Gli eroi classici onorati da una fine gloriosa sono in effetti molto pochi. A parte qualche rara eccezione, le porte dell'Olimpo restano chiuse per loro. Al contrario, l'Eroe Solare, storicamente antecedente all'Eroe Tragico, ricalca il tragitto del Sole che ogni notte sprofonda nel mare e la mattina ne esce rinnovato. Egli passa quindi attraverso una esperienza di morte e rinascita ispirato ai cicli della Natura. Nella concezione junghiana l'Eroe Tragico corrisponde ad un ego inflazionato che si concepisce slegato dal Tutto e si ritiene unico artefice del proprio destino. Possiamo facilmente accostarlo all'Io dell'uomo moderno così pieno di sé e al contempo così solo e vuoto di valori trascendentali. L'Eroe Solare, al contrario, corrisponde ad un Io rispettoso del progetto vitale che porta dentro e che lo spinge a trascendere i propri limiti e ad unirsi creativamente, in maniera personale, al Tutto.
Egli è, tipicamente, portatore di nuova linfa per la collettività. Ci si potrebbe tuttavia chiedere perché mai rispolverare antichi schemi immaginari anziché puntare su rimedi prettamente razionali. Il fatto è che la psiche umana non funziona mai in maniera del tutto razionale. D'altro canto, sarebbe un errore confondere l'originario con il vecchio. Gli archetipi, in quanto fattori originari, non possono invecchiare. Essi costituiscono quel mare ove tutto si dissolve e si riforma e la loro efficacia positiva cresce proporzionalmente al grado di consapevolezza che ne abbiamo. Pertanto, appare sensato e ragionevole ritenere che è tornando a percepire e ad ascoltare l'inconscio che nella Natura si manifesta, è lasciandosi ispirare da questo schema represso dalla nostra cultura benché dimostratosi funzionale per decine di migliaia di anni, che l'uomo moderno potrà emanciparsi dal suo stato di possessione e dal triste destino che ne consegue : quello di vittima sacrificale del daimon economico.
In effetti, il corso della Natura non saprebbe essere forzato, può solo essere rispettato, al massimo perfezionato dall'uomo.
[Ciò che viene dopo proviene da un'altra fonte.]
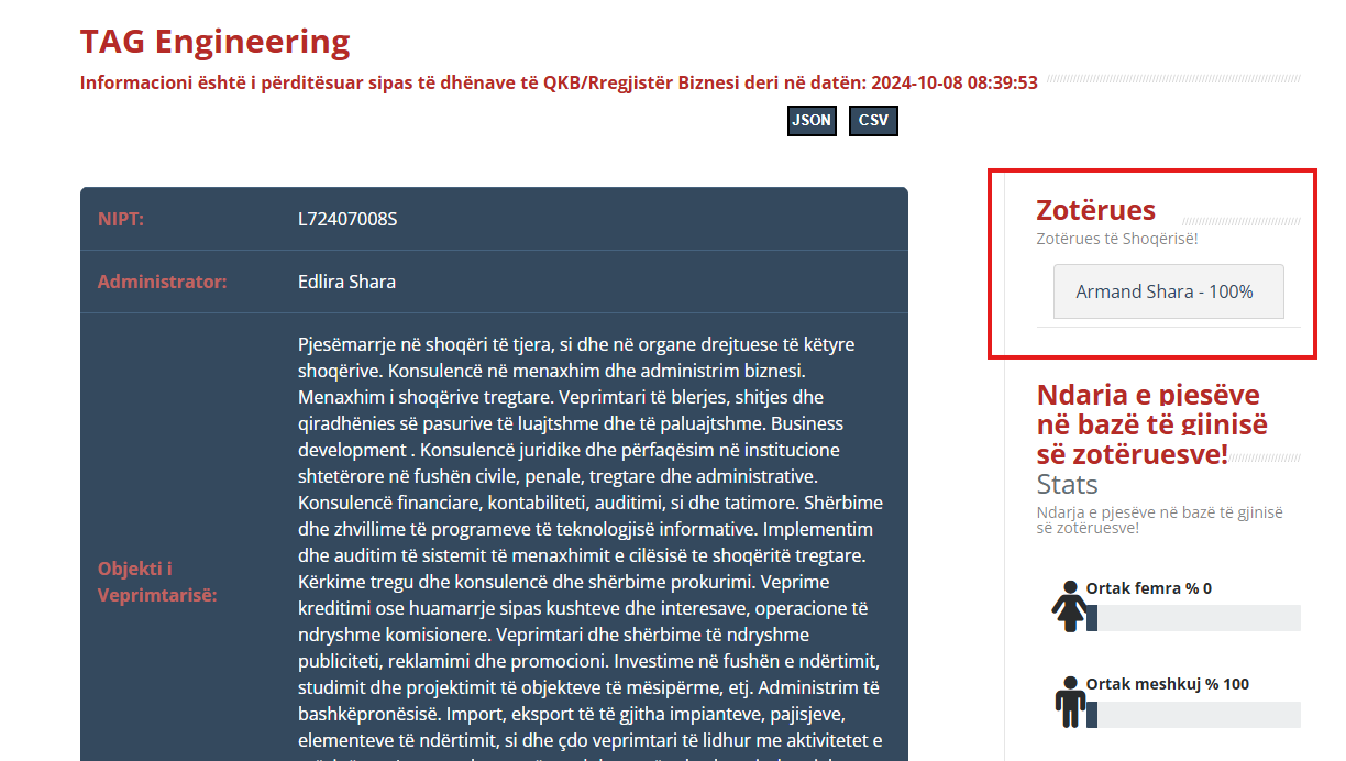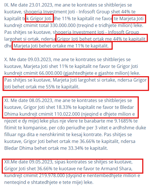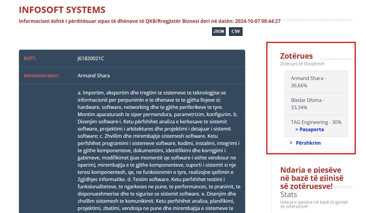 Fituesi i shpallur është një emër që çdo shqiptari i kujton menjëherë Grigor Jotin. Megjithëse në dokumente pronar figuron Armand Sharra, dyshimet e forta janë se ky i fundit është thjesht një "zar" në tavolinën e madhe të pokerit të tenderave. Joti ia "shiti" aksionet Sharrës vetëm 3 vite më parë, por aroma e Infosoft-it të vjetër ndihet në çdo kontratë të majmë që del nga magjia e AKSHI-t, duke na treguar se pronësia ndryshon me letra, por zakoni jo.

La Natura rappresenta, sia simbolicamente che fisicamente, quel Tutto al quale ogni singolo essere deve la vita ed è collegato per via sia conscia che inconscia(6), al di là delle distinzioni tra popoli, specie e regni. Essa è, in altre parole, la Grande Madre Terra venerata sotto ad innumerevoli nomi e forme da tutti i popoli animisti antichi e contemporanei, e il cui rispetto è considerato dalla prospettiva psicoanimista come condizione sine qua non per una individuazione autentica. Tale visione si scontra chiaramente con il pregiudizio di una certa psicologia e antropologia che tendono invece a considerare il legame dell'uomo con la Natura e i vincoli che ne derivano come frutti di un complesso materno o di una inferiorità sociale. E' in effetti risaputo che certi autori sono tuttora ancorati ad una visione desueta del membro tribale cui è proibita ogni distinzione in nome della coesione del gruppo. In realtà, come l'antropologia contemporanea ha ampiamente sottolineato, le civiltà tribali coltivano si le differenze, ma al contempo rifuggono dai loro eccessi. Mentre nel mondo moderno quel che troppo spesso contraddistingue le persone sono aspetti nevrotici o superficiali legati all'avere e all'apparire, presso le società tribali sono espressioni di vocazioni e qualità autentiche messe al servizio della collettività. Non vi è contrapposizione tra gruppo e individuo e l'appartenenza al primo non esclude, ma anzi permette e favorisce la realizzazione del secondo. Così come l'appartenenza alla Natura in quanto ricettacolo dell'inconscio non esclude ma favorisce l'individuazione. Jung scrisse appunto che « l'individuazione non si compie sull'Everest (dove alpinisti spacciati per amanti della Natura vanno a « conquistare » le vette seminando le loro immondizie), ma in seno alla società ». Inoltre, riprendendo l'adagio degli antichi alchimisti, egli non si autodefinì forse « l'antichissimo figlio delle Madre(7) »? E non siamo forse tutti noi destinati a riscoprirci, prima o poi, figli antichissimi della Madre... semmai ci riprenderemo dal nostro stato di possessione ad opera del daimon economico?
Antoine Fratini
Antoine Fratini lavora da oltre quindici anni come psicoanalista, è Vice Presidente dell'Associazione Psicoanalisti Europei e membro attivo dell’Accademia Europea Interdisciplinare delle Scienze. Egli ha scritto nel 1991 il saggio Vivere di fumo (Book Editore, Bologna) sul rapporto tra adolescenza e uso di stupefacenti leggeri, nel 1999 il saggio Parola e Psiche (Armando, Roma) sul collegamento tra gli indirizzi linguistico e archetipico in psicodinamica e decine di articoli su riviste e siti italiani e stranieri. Poeta e artista, egli ha fondato assieme all’Associazione Culturale C.G. Jung di Fidenza il Movimento per l’Arte Naturale, corrente artistica basata sul pensiero junghiano, e le sue poesie compaiono sui maggiori siti del settore. La sua ultima pubblicazione: Psiche e Natura, fondamenti dell'approccio psicoanimistico, Zephyro Edizioni, 2012.
NOTE
1) Altri esempi si possono trovare nel mio La religione del dio Economia, CSA Editrice, Crotone 2009.
2) Idem.
3) Per una analisi approfondita di questo percorso vedi A.M. Llamazares, Del reloj a la flor de loto, Del nuevo extremo, Buenos Aires 2013.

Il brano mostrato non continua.